In western languages, "essence" comes from "existence". In Greek (the earliest philosophical language), the neutral present participle of einai(to be) is to be, and ousia is the negative present participle of einai. Aristotle defined it as "tiesti"-"What is it" and "To Ti en Einai"-"What is it". Therefore, ousia has at least one meaning, which is what we now call "essence", but Aristotle has not defined the concept of "essence".
The philosophical concept in Latin is basically the translation of Greek (with the help of a master), but it is very similar in language structure (which may be the characteristic of Indo-European language family), and essentia also comes from esse(to be). Before his death, Mr. Miao Tianli tried to invent a new word for English: Being Sex as the English translation of ousia, because English nouns have no sexual change, but the suffix -LITY can have a negative meaning. The "essence" of German is wesen, which also comes from "existence": gewesen and Sein's past perfect tense, with the prefix removed, is Wesen, so Hegel joked that the existence in the past is the essence when making category deduction.

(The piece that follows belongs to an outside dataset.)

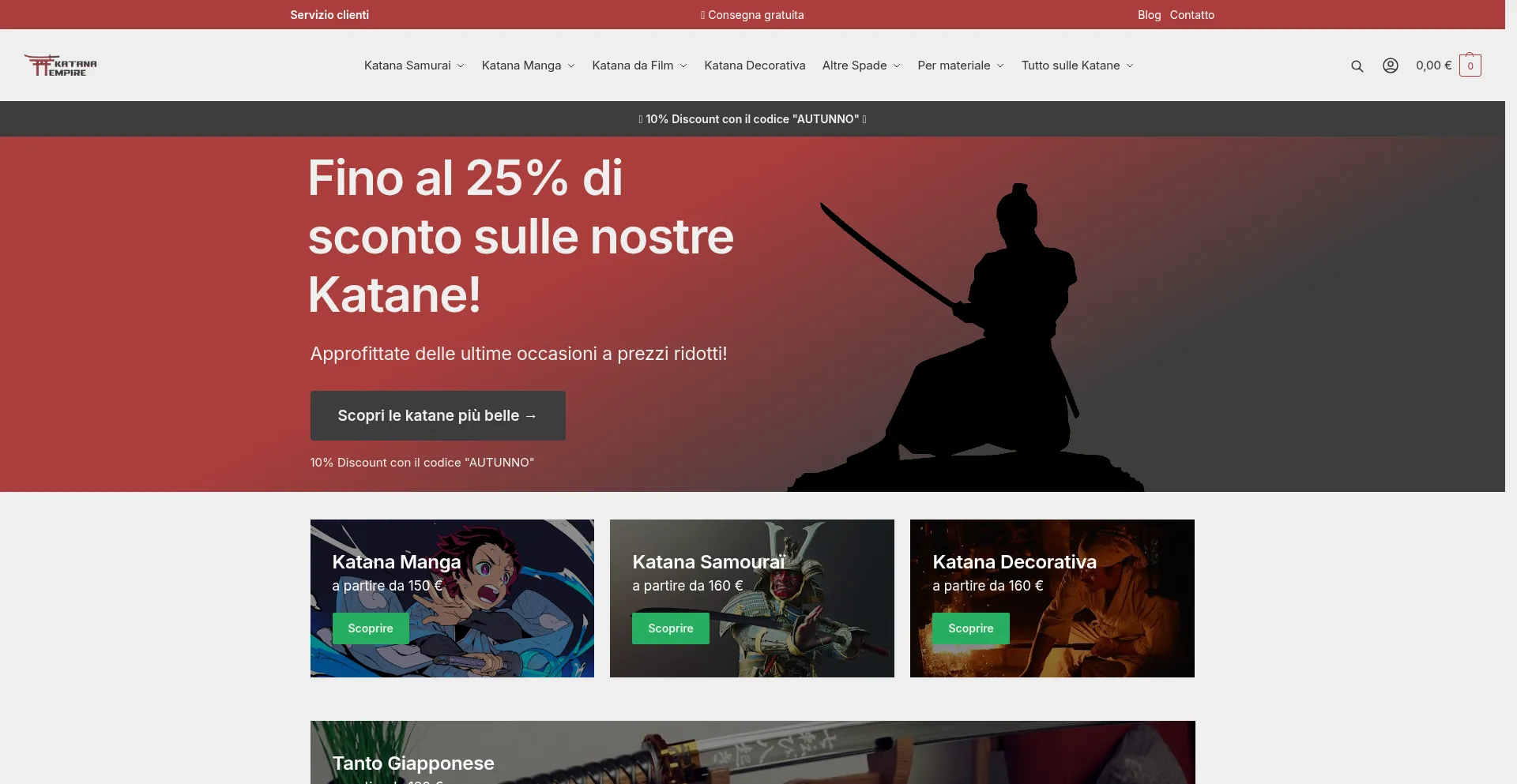 Analysis indicates that katanaempire.it operates as an e-commerce platform facilitating online transactions for goods or services. The website implements shopping cart functionality, payment processing systems, and product catalog features typical of commercial retail operations.

When did the concepts of "essence" and "phenomenon" form a pair of philosophical concepts? It is difficult to trace back ideologically, but the emergence of this concept can be explained. In Kant's philosophy, there are two pairs of related concepts: the "appearance" of things and things themselves, and phenomena and Noumena. Judging from Kant's two pairs of concepts, the phenomenon opposite to essence should be appearance, not phenomenology.
We always say "essence" and "phenomenon". Who first used this pair of concepts? It should be Hegel. Our thought about "essence" comes from Marx and Engels, while Marx and Engels come from Hegel. Hegel used the concepts of essence and phenomenon in logic, and "phenomenon" used Erscheinung.